The simple solution does seem to be to just return a std::string. It does imply one dynamic memory allocation, but you'd probably get that in any case (as either the user or your function would have to make the allocation explicitly)
An alternative might be to allow the user to pass in an output iterator which you write the string into. Then the user is given complete control over how and when to allocate and store the string.
On the first go-round I missed that this was a C++ question rather than a plain C question. Having C++ to hand opens up another possibility: a self-managing pointer class that can be told whether or not to delete.
class MsgText : public boost::noncopyable
{
const char* msg;
bool shouldDelete;
public:
MsgText(const char *msg, bool shouldDelete = false)
: msg(msg), shouldDelete(shouldDelete)
{}
~MsgText()
{
if (shouldDelete)
free(msg);
}
operator const char*() const
{
return msg;
}
};
const MsgText GetDirectShowMessageDisplayText(int messageNumber)
{
switch(messageNumber)
{
case EC_ACTIVATE:
return MsgText("A video window is being activated or deactivated.");
// etc
default: {
char *msg = asprintf("Undocumented message (%u)", messageNumber);
return MsgText(msg, true);
}
}
}
(I don't remember if Windows CRT has asprintf, but it's easy enough to rewrite the above on top of std::string if it doesn't.)

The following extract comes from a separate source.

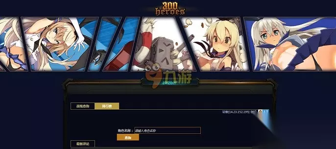 300英雄战绩查询系统开放,玩家可以登陆页面自助查询自己的战绩。在页面中玩家可以输入或者登陆账号来查看自己的战绩,由于大家一直都抱怨无法查阅自己的战斗力,所以官方特地的为大家建立了战斗力查询平台,让玩家可以自主的在页面中进行查询。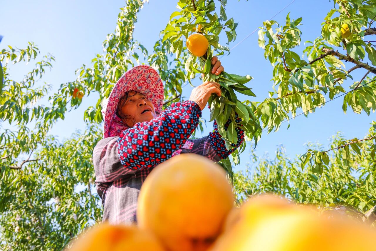 孙希洲的种桃秘诀,全在“匠心”二字。每年盛夏,拳头大的黄桃挂满枝头,果皮泛着诱人的金黄色,绒毛细腻柔软,轻轻一撕就能露出饱满多汁的果肉,咬下去的瞬间,清甜的汁水在舌尖爆开,甜度恰到好处,没有一丝酸涩,这是阳光、土壤与老孙用心交织的味道。

Note the use of boost::noncopyable, though - if you copy this kind of object you risk double frees. Unfortunately, that may cause problems with returning it from your message-pretty-printer function. I'm not sure what the right way to deal with that is, I'm not actually much of a C++ guru.

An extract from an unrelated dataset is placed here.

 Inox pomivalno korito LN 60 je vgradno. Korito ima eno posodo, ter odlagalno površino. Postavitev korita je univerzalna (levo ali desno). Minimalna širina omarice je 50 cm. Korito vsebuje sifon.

You already use _bstr_t, so if you can just return those directly:
_bstr_t GetDirectShowMessageDisplayText(int messageNumber);
If you need to build a different message at runtime you can pack it into a _bstr_t too. Now the ownership is clear and the use is still simple thanks to RAII.
The overhead is negligible (_bstr_t uses ref-counting) and the calling code can still use _bstr_ts conversion to wchar_t* and char* if needed.
There's no good answer here, but this kludge might suffice.
const char *GetDirectShowMessageDisplayText(int messageNumber)
{
switch(messageNumber)
{
// ...
default: {
static char defaultMessage[] = "Unexpected notification code #4294967296";
char *pos = defaultMessage + sizeof "Unexpected notification code #" - 1;
snprintf(pos, sizeof "4294967296" - 1, "%u", messageNumber);
return defaultMessage;
}
}
}
If you do this, callers must be aware that the string they get back from GetDirectShowMessageText might be clobbered by a subsequent call to the function. And it's not thread safe, obviously. But those might be acceptable limitations for your application.